Start of Block

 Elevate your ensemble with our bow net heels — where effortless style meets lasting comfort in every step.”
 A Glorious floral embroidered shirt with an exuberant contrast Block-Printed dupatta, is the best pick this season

End of Block
Start of Block

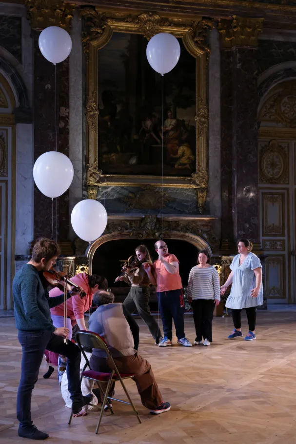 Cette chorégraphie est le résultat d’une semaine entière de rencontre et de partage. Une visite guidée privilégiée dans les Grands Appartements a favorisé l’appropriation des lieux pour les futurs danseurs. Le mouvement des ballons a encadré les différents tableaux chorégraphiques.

End of Block

§ Work item: Retype exactly, and only, the lines above from the one where "Elevate your ensemble" occurs up to and including the one where "A Glorious floral" occurs.

§ Output below:
 Elevate your ensemble with our bow net heels — where effortless style meets lasting comfort in every step.”
 A Glorious floral embroidered shirt with an exuberant contrast Block-Printed dupatta, is the best pick this season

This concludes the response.